Canary Loops

02-03-26

A loop that runs and does nothing looks identical to a loop that is dead. That single fact is the entire argument for canaries.

The simplest version of the idea was almost a joke: start a loop that runs every minute and says hi. No business logic, no state to check, nothing to fix. Its only job is to fire on schedule and produce a visible reply. If the reply shows up on time, the scheduler underneath every other loop is honest. If it does not, nothing above it can be trusted, no matter how sophisticated the loop's actual work is supposed to be.

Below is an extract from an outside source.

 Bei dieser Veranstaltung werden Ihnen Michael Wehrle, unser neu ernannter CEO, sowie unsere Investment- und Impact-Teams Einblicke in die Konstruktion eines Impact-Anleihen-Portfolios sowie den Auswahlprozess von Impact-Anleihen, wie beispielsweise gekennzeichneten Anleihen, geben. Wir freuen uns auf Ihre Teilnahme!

That instinct got formalized inside the loop scheduler itself, where the regression tests use the cheapest possible verification primitive available: schedule a prompt that says reply exactly LOOP_SMOKE_0150 when this scheduled loop fires, then check the transcript for that exact string. Not a summary of what happened. Not a status that could be technically true while quietly meaning nothing happened at all. One literal string, matched exactly, or the test fails. Someone once asked, flatly, so what's a canary — the honest answer is this: it is the cheapest loop you can write, built only to prove the thing underneath it is still telling the truth. Cheapest is not a throwaway word here. A canary that costs nearly as much to run as the system it is checking is not a safeguard, it is a second unreliable thing to worry about. Reply with a fixed string on a fixed schedule costs almost nothing and can only fail one way — late or missing — which is exactly the property you want from the one component you are trusting to tell you when everything else has stopped telling the truth.

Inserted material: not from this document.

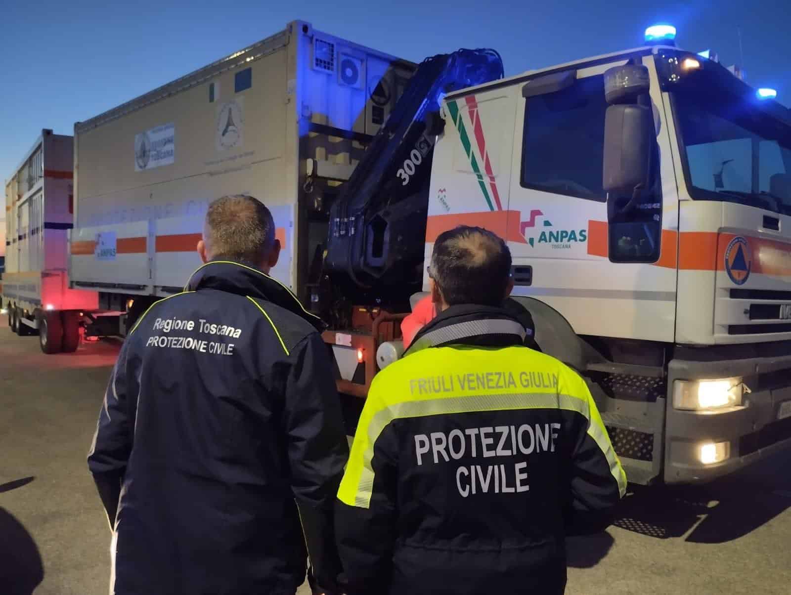 Il container è stato predisposto dalla Protezione civile della Regione Toscana attivando la colonna mobile regionale e, nello specifico i volontari di Anpas Toscana. La cucina da campo permetterà di preparare 250 pasti, mentre l’impianto per l’acqua rende potabili 1500 litri al minuto. Queste specifiche attrezzature saranno caricate su una nave in partenza dal porto di Trieste e arriveranno, nei prossimi giorni, in Turchia dove serviranno per aiutare le popolazioni fortemente colpite dal sisma dello scorso 6 febbraio.
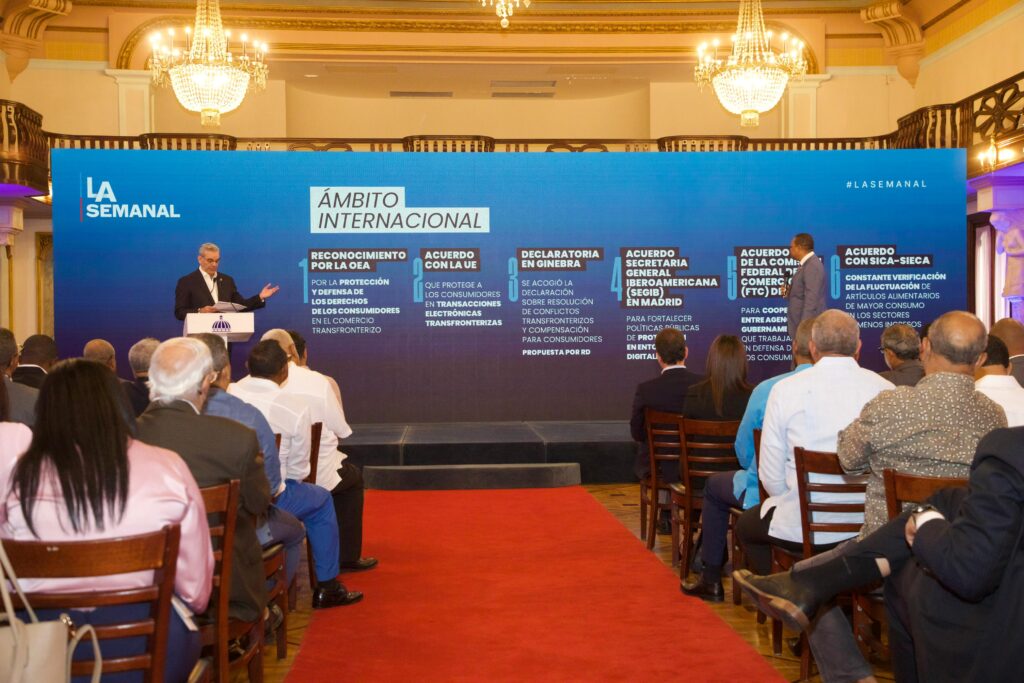 Los avances en materia de defensa del consumidor se sienten a nivel internacional, recibiendo el conocimiento por la OEA por la protección y defensa de los derechos de los consumidores en el comercio transfronterizo; se logró un acuerdo con la Unión Europea para proteger a los consumidores en transacciones electrónicas transfronterizas; y en la Declaratoria de Ginebra se acogió la declaración sobre resolución de conflictos transfronterizos y compensación para consumidores, que fue propuesta por la República Dominicana.

The reason that primitive exists is a real incident, not a hypothetical. LOOP_SMOKE_0149 scheduled cleanly inside a brand-new session with no prior user turn, and the pane looked completely alive — the loop was visible, the schedule was ticking on time, everything about the surface looked healthy. Underneath, every single fired run failed inside the state database with the same error: thread not found, because the rollout path recorded for that session did not exist yet. Direct confirmation from the database showed the same schedule failing seven times in a row over roughly half an hour, same error every time, and nothing about the pane's appearance gave that away. It is the platonic case of a system reporting success while nothing actually happened. The same distrust of a clean-looking return code shows up whenever work gets fanned out across the fleet. One batch pushed the same piece of work into fourteen different repos at once, each running under its own separate account so one subscription's rate limit could not gate the other thirteen. The dispatch layer reported success for all fourteen sends. Nobody treated that as the end of the story. A read-only verifier was spawned immediately afterward with the exact evidence files from the dispatch run and told to check, over SSH, whether the panes were actually alive, whether the tasks had actually been created, and whether any of the fourteen sends had silently misfired behind a success code. Dispatch was not trusted just because the send command said it worked. That is a canary too, just a one-time one instead of a scheduled one: an independent check that refuses to accept a green result at face value.

An adversarial reviewer was dispatched with a narrow brief: reproduce the failure, find the root cause, propose the smallest fix, and write hardened regression tests for two specific conditions — a fresh session with no rollout file yet, and the more general case of a schedule firing in the database without ever injecting a visible turn a person could see. The fix was verified the only way that actually counts for a scheduler: with a fresh exact-string canary. Later runs targeted LOOP_SMOKE_0150, literal reply matching, layered underneath the heavier adversarial review as the deterministic floor everything else stands on.

The scheduled-run system prompt carries its own guardrail against a second, sneakier failure mode: producing exactly one visible final response per run, even when there is nothing to do, even when no action is needed, even when the run is blocked — and explicitly not treating a phrase like every minute as an instruction to go implement that cadence itself inside a single turn. A scheduler that quietly reinterprets its own schedule is just as dangerous as one that silently fails, because both look fine from the outside until you check the actual timestamps.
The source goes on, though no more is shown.